If you look up randomness in jax
, one of the first things you’ll stumble on is how to generate a key and continually split the random key. To make a long story short, jax
is functional in nature, which means that it is stateless. Being stateless means (among other things) that jax
handles randomness explicitly; we have to explicitly seed a value every time we invoke randomness in our code. On the one hand, this makes our code more verbose, but on the other hand, it makes reproducibility far easier.
i) Statefulness
The following is merely a working example of what “statefulness” means. It is by no means a rigorous definition. Think of being stateful as the following:
class StatefulAdd():
def __init__():
self.count = 0
def __call__(self, x):
# The identity + number of times it has been called
self.count += 1
return x + 1
foo = StatefulAdd()
first = foo(1) # first := 1
second = foo(1) # second := 2
i.e. we can plug the same value in but obtain different values each time. There’s nothing inherently wrong about coding this way(regardless of what the func-ies will say); it can just be harder to reason about it.
Anyways, going back to jax
: by enforcing statelessness, we have to be explicit in terms of our random key every time we make a call. By enforcing statelessness, jax
sidesteps the reproducibility issue that plagued Tensorflow1.X (and probably pytorch too). Although jax
isn’t perfect in the reproducibility aspect, I believe it is going in the right direction.

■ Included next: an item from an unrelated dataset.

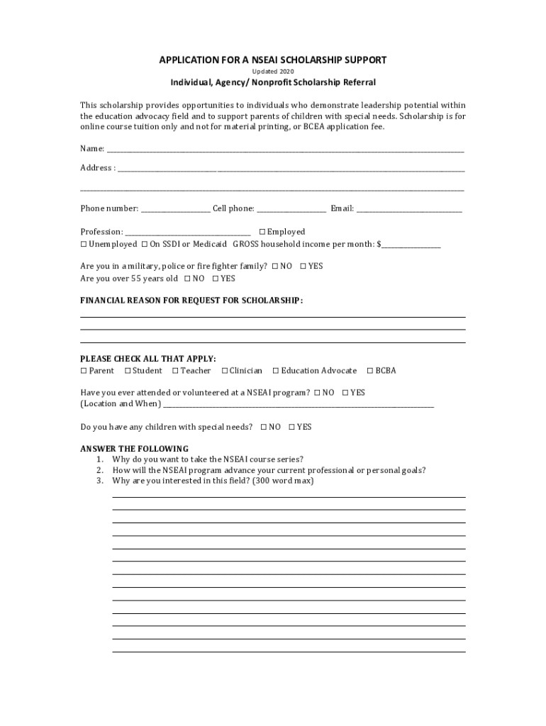 APPLICATION FOR A NS EAI SCHOLARSHIP SUPPORTUpdated 2020Individual, Agency/ Nonprofit Scholarship Referrals scholarship provides opportunities to individuals who demonstrate leadership potential within

ii) Reproducibility in TF1.X
How to get stable results with TensorFlow, setting random seed although, to be fair, there seems to be an official answer for Tensorflow 2 as of 2020
Why can’t I get reproducible results in Keras even though I set the random seeds? (asked in 2018) which contains my favorite answer I’ve seen so far. The answer states the following and has the following caveat:
In short, to be absolutely sure that you will get reproducible results with your python script on one computer’s/laptop’s CPU then you will have to do the following:
# Seed value
# Apparently you may use different seed values at each stage
seed_value= 0
# 1. Set the `PYTHONHASHSEED` environment variable at a fixed value
import os
os.environ['PYTHONHASHSEED']=str(seed_value)
# 2. Set the `python` built-in pseudo-random generator at a fixed value
import random
random.seed(seed_value)
# 3. Set the `numpy` pseudo-random generator at a fixed value
import numpy as np
np.random.seed(seed_value)
# 4. Set the `tensorflow` pseudo-random generator at a fixed value
import tensorflow as tf
tf.random.set_seed(seed_value)
# for later versions:
# tf.compat.v1.set_random_seed(seed_value)
# 5. Configure a new global `tensorflow` session
from keras import backend as K
session_conf = tf.ConfigProto(intra_op_parallelism_threads=1, inter_op_parallelism_threads=1)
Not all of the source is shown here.